I’ve seen it served that way before, but we knew our meatballs would be too heavy to put in there.

We love making this simple and quick meal as a replacement to pasta.  It’s only 41 calories per cup of cooked spaghetti squash!!!  You can jog in place for a few minutes to burn that off! 🙂  Spaghetti squash is also very high in Vitamin C and B6.  Vitamin C is important for promoting a healthy immune system and Vitamin B-6 is needed to break down stored energy.

Here is a link from LiveStrong.com about the benefits and nutritional value of Spaghetti Squash.

After having a delicious dinner we treated ourselves to some fresh peaches Brandon brought home from a local farm near his job and some strawberries and blueberries I picked up earlier in the week from the King’s Drive Farmer’s Market.

Fruit Salad with drizzled Raw Honey

Cloister Honey--Whipped Cinnamon and Raw

We LOVE to get different varieties of Cloister Honey from our other local Farmer’s Market—Atherton Mills Market. 

 One last photo to leave you with—Happy puppies LOVE spaghetti squash too!!!

Happy Puppy

Welcome to Summer Break 2011!

Welp!  I’ve done it!! I have created a blog, an online journal, a place for me to reflect on what has gone on in my life and treasure memories.  After just finishing teaching my 6th school year, I now have what every teacher looks forward to the most (no matter what they tell you), SUMMER BREAK!!!  Along my summer break, I plan to take a few trips, at least road trips, if nothing else.  I also plan on spending a lot of time with my sweet puppy, Lacey.  It was always so hard waving goodbye to her when I left out the door on the way to school each morning at 7:30am and she would just curl up in her bed, where I believe she stayed until I got home from school at 3:30pm.  Now we will get a chance to venture out on some activities I’ve waited until now to do with her.
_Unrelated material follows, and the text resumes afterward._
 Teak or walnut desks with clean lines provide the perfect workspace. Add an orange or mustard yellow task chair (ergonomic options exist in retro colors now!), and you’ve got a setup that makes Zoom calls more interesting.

  First venture out with the puppy was at the local Farmer’s Market today.

Lacey really is a very sweet puppy and loves all animals and all people, no matter if they love her or not.  I believe this picture I took today totally explains the name of my blog.  Here are a few more pictures of us at the market today.

During our walk around the Farmer’s Market, Lacey got really hot and was panting a lot.  She then laid down in the shade near a large fan that you can’t see in the background.  She was adorable lying here and when I had checked out, I couldn’t even get her to budge!

What a happy puppy!

I found a lot of fresh veggies at the market today!
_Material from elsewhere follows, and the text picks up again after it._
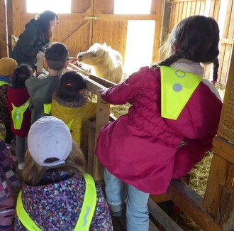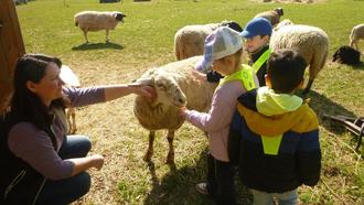 Danach ging es zu den ungeduldigen Schafen, die bereits mit lautem Blöken auf sich aufmerksam machten. Mit einem Eimer Futter kehrte Ruhe ein und auch die vorher etwas ängstlichen Kinder konnten mutig den großen Stall betreten. Nicht nur Schafe waren im Stall zu entdecken, sondern auch Ponys und Kaninchen.

I stocked up on some watermelon, blueberries, strawberries and bananas as well.   And I got the ingredients needed to make Tomato Basil Cream Pasta.
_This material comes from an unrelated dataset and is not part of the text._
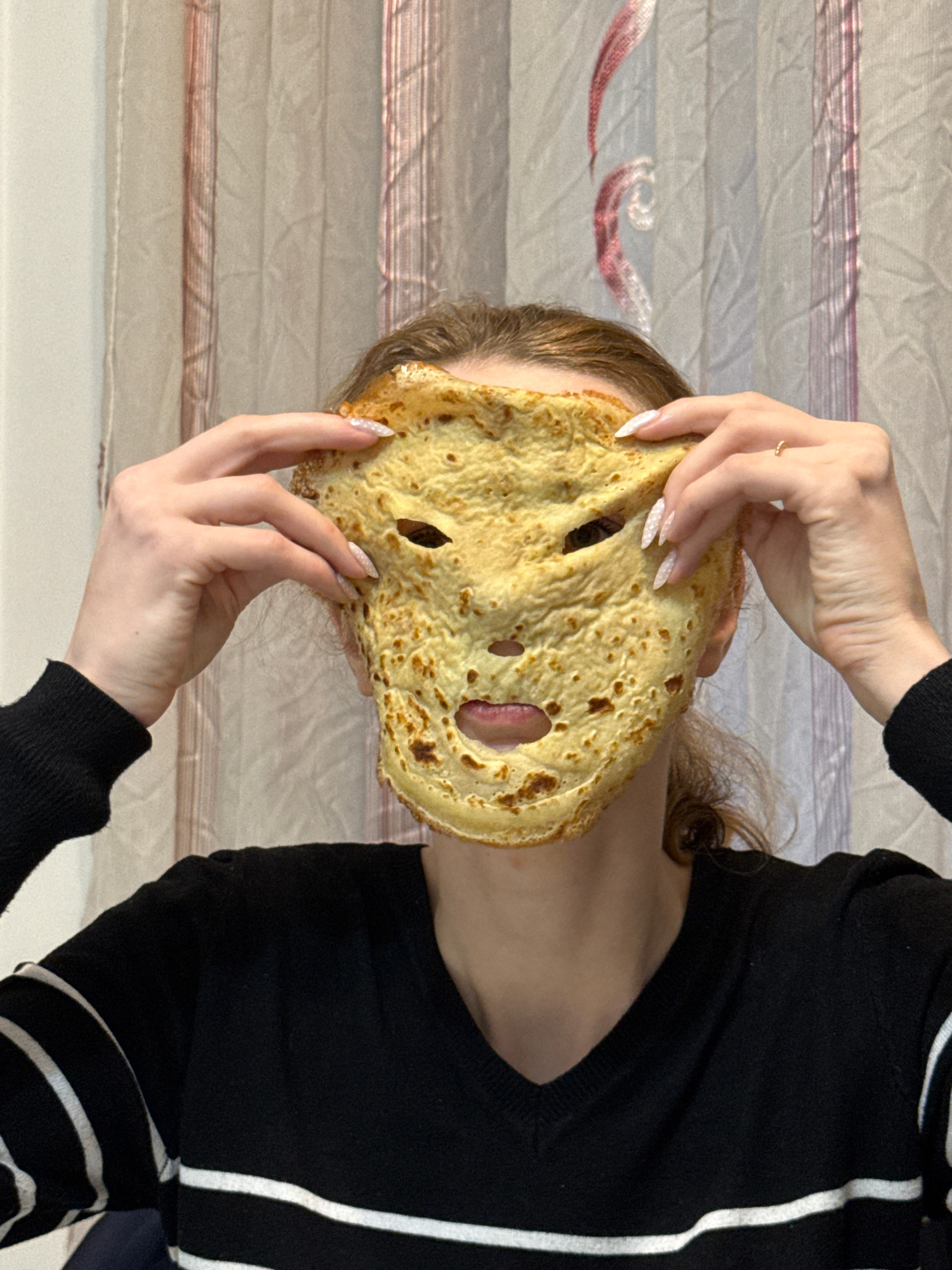 A woman is holding a large pancake or crepe with several holes cut in it up to her face, using it as a mask. Her hands are visible, with long fingernails, one wearing a gold ring. She is wearing a bla…read more

I did not take any pictures of our tomato basil cream pasta, mostly because we were devouring it before I could even get the camera out.  We followed Mariah’s recipe exactly, although; Brandon added grilled chicken for additional protein and I thought a sprinkle of goat cheese would add a good touch.  It was awesome!! No leftovers tonight!